The Grey Lynn shops right now are at a fascinating transition point between the old and the new. It’s not yet as posh as nearby West Lynn (one of the few suburbs you’ll find a business offering holistic physiotherapy for dogs), but it’s getting closer with each new opening.

For now, there are plenty of clues to the area’s Polynesian and working-class roots. The dairy sells taro and coconuts, the tavern looks as if it hasn’t had a new customer since the Bolger government, and across the road Video Ezy continues to send out its weekly e-newsletter like Netflix never happened.

The food is a mash up too. At one end you’ll find pork crackling under a heat lamp while further down organic vegetarian cafe Kokako lives in the former post office, and upmarket eatery Pocket is across the road in the old bank building.

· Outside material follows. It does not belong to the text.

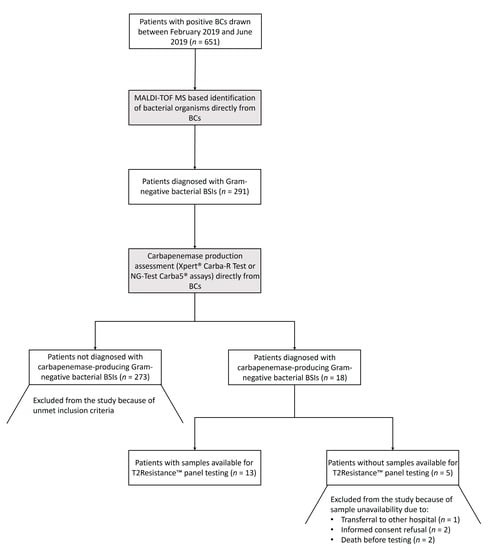 Between February 2019 and June 2019, K2 EDTA-treated whole blood samples were collected and processed with the T2Resistance™ panel in the clinical microbiology laboratories of two Italian University hospitals (Fondazione Policlinico Universitario A. Gemelli IRCCS of Roma and Ospedale Santa Maria della Misericordia of Perugia). Samples were from patients hospitalized in intensive care units, infectious disease clinics, or hematology wards, who had a laboratory diagnosis of carbapenemase-producing Gram-negative bacterial BSI (see below). The patient/sample selection process, starting from patients who were diagnosed with Gram-negative bacterial BSIs during the study period, is depicted in Figure 2. To obtain a maximum number of samples to test in a five-month period, we did not use a pre-specified window for sample collection. The time elapsing from diagnosis to T2Resistance™ panel sampling/testing ranged from 0.5 h to 57.1 h (i.e., within 3 days), depending on the actual operational hours of the laboratories (e.g., falling on holiday weekends). However, for the majority of samples, this range fell within the time (i.e., 36 h) in which a positive T2MR® based assay result was expected [23].

There’s also a good sushi bar and Auckland’s best butcher — when her Christmas hams goes on sale people line up like it’s new iPhone day at the Apple store.

Interior of Tiger Burger in Grey Lynn. Picture / Guy Coombes.

The latest arrival is Tiger Burger, whose own site has plenty of history. Mondiale was a local legend — a casual tapas bar presided over by two silvery foxes with thick European accents. God, the things they must have seen. And although later proprietors never quite managed to capture the magic, apparently there was a good Japanese-French fusion place in here before even Mondiale — the Tiger Burger manager reckons when they stripped the upstairs office there were seven layers of paint on the gib.

For restaurentrepreneurs, Tiger is a great new model. Instead of pouring $2 million into a refit then blowing everything on a bad chef hire, you start small, at a market or food truck, then build a following until your customers are demanding a permanent location. (This is a great time to pay tribute to the Ponsonby Street Food Collective, at least two of whose former stalls now have their own restaurants.)

Tiger Burger is so popular that when you scrolled through their Instagram feed ahead of the opening you could almost imagine their fans around Auckland clawing at the screen. As such, after some predictable but nonetheless heartbreaking renovation disasters, the place opened to a full house and has been busy ever since. As I said, it makes the old approach of “open your restaurant then tell people about it” look completely upside down.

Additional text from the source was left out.